Bagaimana bisa dia?

Arwen mondar-mandir di kamarnya saat Aiden masuk. Alisnya berkerut melihat kegelisahan Arwen.

Di sisi lain, Arwen tidak menyadari kehadirannya sampai ia menabrak dada lebar Aiden. Kaget, dia berteriak pelan, mundur sambil mengusap keningnya. "Ah! Kamu sudah kembali?"

Aiden melirik dirinya sendiri, lalu kembali kepadanya, bibirnya bergerak menunjukkan sedikit hiburan. "Sepertinya iya. Kenapa? Kamu menungguku?"

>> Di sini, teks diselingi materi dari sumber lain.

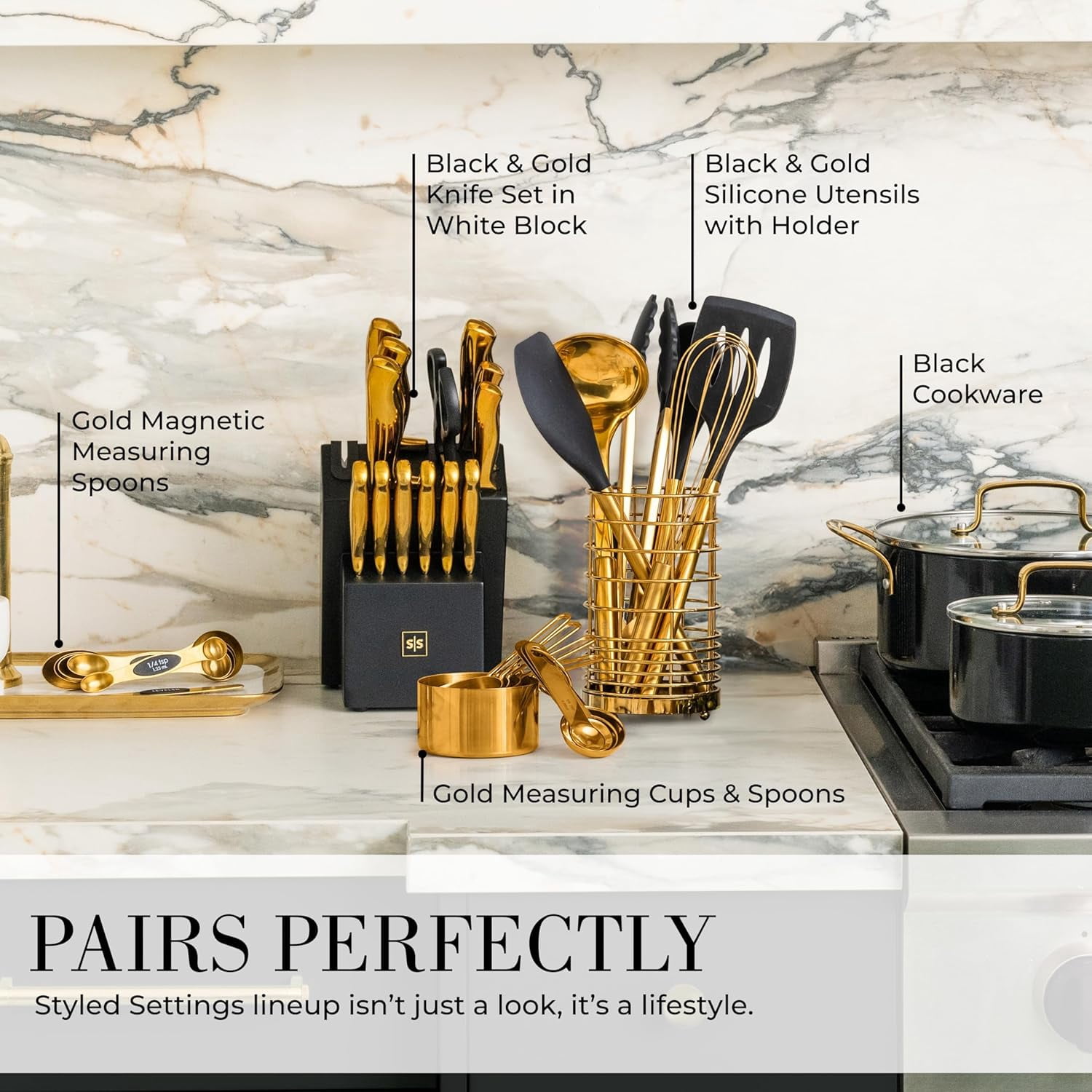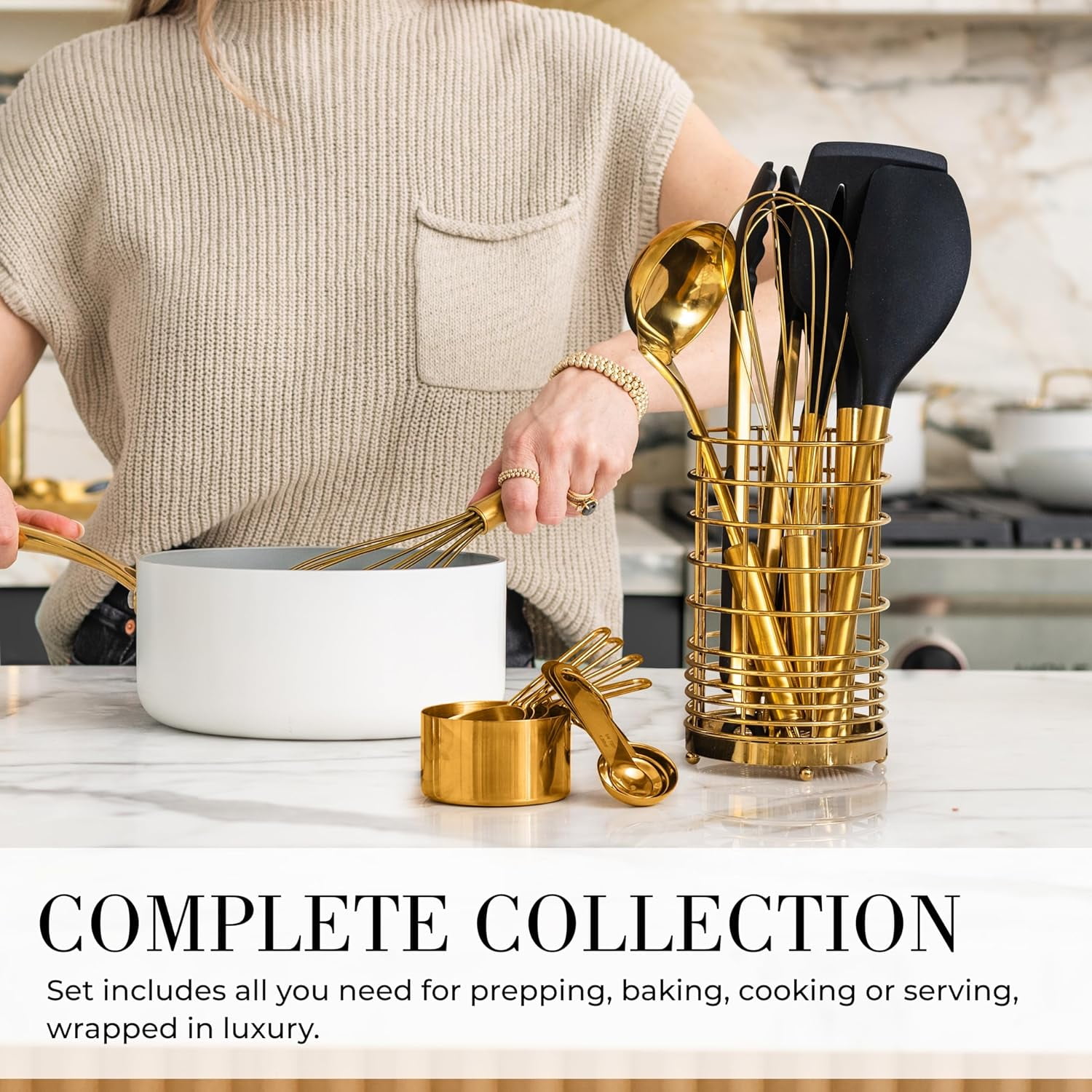 - Complete 15-Piece Luxury Set: Includes a full range of black and gold cooking utensils such as ladle, tongs, serving spoon, slotted turner, whisk, and spatula, plus a matching gold utensil holder for organized storage.

Arwen menempelkan bibirnya, mencoba untuk tidak tersenyum. "Apa pendapatmu?"

"Aku tidak berpikir apa-apa," jawab Aiden dengan santai.

"Suami," dia mulai, meraih lengan Aiden sebelum menariknya bersamanya. "Tentu saja, aku menunggumu. Kemari," katanya, membimbingnya untuk duduk di tepi tempat tidur.

"Ada sesuatu yang sangat penting yang lupa kusampaikan padamu," tambahnya, nadanya mengandung sedikit kekhawatiran.

Kerutan lembut di dahinya membuat ekspresi Aiden menjadi serius. "Apa itu?" dia bertanya dengan hati-hati.